Rashleigh was educated at Eton and Trinity College, Cambridge, graduating with a B.A. in 1843.

==Career==
Rashleigh held a number of public offices in Cornwall including a Justice of the Peace (JP), Deputy Lieutenant of Cornwall, High Sheriff of Cornwall in 1852 and Deputy-Warden of the Stannaries. He was a Member of Parliament (MP) for East Cornwall from 1874 to 1880.

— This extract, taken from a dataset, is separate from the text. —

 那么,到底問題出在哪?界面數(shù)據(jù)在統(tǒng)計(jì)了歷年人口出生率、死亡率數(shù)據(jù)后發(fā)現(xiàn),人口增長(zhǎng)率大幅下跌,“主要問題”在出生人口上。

He was also invested as a Companion, Order of the Bath (CB) and gained the rank of Honorary Colonel in the service of the Cornwall and Devon Miners' Artillery.

==Personal life==
On 1 May 1845, Rashleigh married Mary Anne Kendall (1823–1893), the only daughter of Nicholas Kendall of Pelyn MP and Mary Anne Wymond. Her brother was the Rev. Francis Kendall of Lanlivery. Together, they had four children:

- Sir Colman Battie Rashleigh, 3rd Baronet (1846–1907), who married, firstly, Geraldine Frances Walpole, daughter of Lt. Gen. Sir Robert Walpole, in 1872. He married, secondly, Amy Young Jamieson, daughter of James Young Jamieson, Esq., in 1878.
- Reverend John Kendall Rashleigh (1847–1933), the Rector of St Mabyn in Cornwall who married, firstly, Charlotte Jane Rashleigh, daughter of Charles Edward Rashleigh, in 1871. He married, secondly, Charlotte Maria Hodgson, daughter of Sir Arthur Hodgson, in 1876.
- Harriett Rashleigh (b. c. 1850)
- Mary Rashleigh (1852–1900), who married her brother's brother-in-law, Col. Henry James Young Jamieson, son of James Young Jamieson.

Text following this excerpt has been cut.